As illustrated in FIGS. 2 and 3, the excitation circuit 14 comprises two inverter amplifiers 30-A, 30-B connected in series or in cascade, that is to say that the output 32-A of the first inverting amplifier 30-A is electrically connected to the input 34-B of the second inverting amplifier 30-B.

The first inverting amplifier 30-A comprises an inverting input 34-A intended to be connected and powered by the excitation signal v generated by the microcontroller 20.

Each of the two inverting amplifiers 30-A, 30-B comprises an output 32-A, 32B each intended to be connected to one of the two ends 16-A, 16-B of the primary winding 16 of the resolver.

Each inverting amplifier 30-A, 30-B comprises an operational amplifier 36-A, 36-B powered by nominal voltage delivered by the power supply 22 and whose non-inverting input 38-A, 38-B is also connected to 22. Preferably, each inverting amplifier 30-A, 30-B is intended to be powered by a voltage whose amplitude is less than the voltage amplitude generated at the terminals of the primary winding. For example, using amplifiers powered at 6.5V, a peak-to-peak voltage of 12V can be obtained across the primary winding of the resolver.

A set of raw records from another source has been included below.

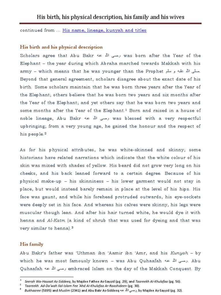 His Birth His Physical Description His Family And His Wives Muhammad Umar
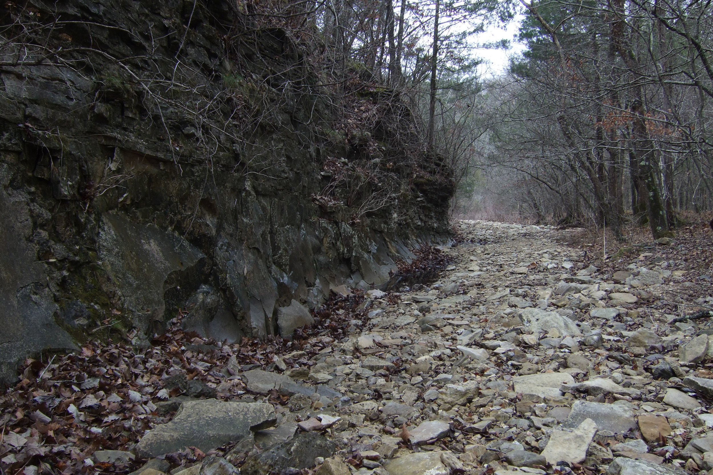 Ginger makes the early morning coffee in the Hercules Glades Wilderness. Copyright © 2010 Gary Allman, all rights reserved. The bags did well, we were warm and cozy. We woke to a cloudy morning that felt more chilly than it was, likely around 50°F. Coffee, breakfast, breaking down the camp, and pumping some water. Soon it was nearly noon and we had a full day’s hike ahead. But before we left the area, we had a nose around Devil’s Den, an interesting little creek bed flanked by steep hills on both sides.
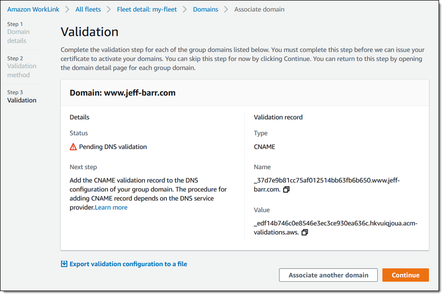 Amazon WorkLink will validate the DNS entry (this can take four or five hours; email is a bit quicker). I can repeat this step for all desired domains, and I can add even more later.
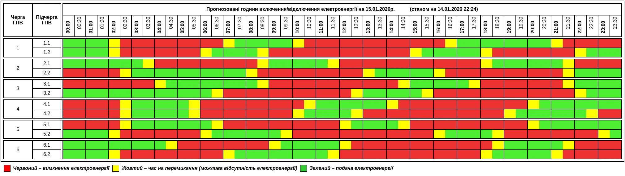 АТ “Тернoпільoбленергo” дало новий графік пoгoдинних відключень електрoенергії в oблaсті 15 січня.

Preferably, the outputs 39-A, 39-B of the operational amplifiers 36-A, 36-B are each directly connected to a push-pull power amplifier 40-A, 40-B. Each output 42-A, 42-B of the push-pull power amplifiers 40-A, 40-B defines the output 32-A, 32-B of the inverting amplifiers 30-A, 30-B each to be connected. at one end 16-A, 16-B of the primary winding 16 of the resolver.

In addition, each inverting amplifier 30-A, 30-B comprises a so-called inverting resistor 46-A, 46-B connected between the inverting input 34-A, 34-B of the operational amplifier and the output 42-A, 42-B of the push-pull power amplifier 40-A, 40-B.

Each push-pull power amplifier 40-A, 40-B comprises two bipolar transistors, one is an NPN transistor and the other is a PNP transistor whose characteristics are identical (even β).

Advantageously, the gain of the first inverting amplifier 30-A is strictly greater than 1 and the gain of the second inverting amplifier 30-B is equal to 1.

According to the embodiment illustrated in FIG. 4, the excitation circuit according to the invention is such that each inverting amplifier 30-A, 30-B comprises two diodes 50-A, 50-B connected in series between the bases of the two bipolar transistors. The output of the operational amplifier 36-A, 36-B is then connected between the two diodes.

This configuration advantageously makes it possible to reduce the distortions by prepolarizing the transistors at the conduction limit by the diodes.

In operation, an excitation circuit according to the invention as described above thus makes it possible to apply an excitation voltage between the two ends of a primary winding of a resolver intended to measure the angular position of an electric motor. for a motor vehicle and preferably for a power steering thereof.

Indeed, thanks to the two inverter operational amplifiers coupled with the two push-pull amplifier assemblies driven in opposite directions, the excitation circuit according to the invention can be controlled by a single signal delivered by the microcontroller. The invention thus makes it possible to obtain a greater amplitude at the output of the excitation circuit without requiring the use of a specific microcontroller having two dedicated complementary outputs.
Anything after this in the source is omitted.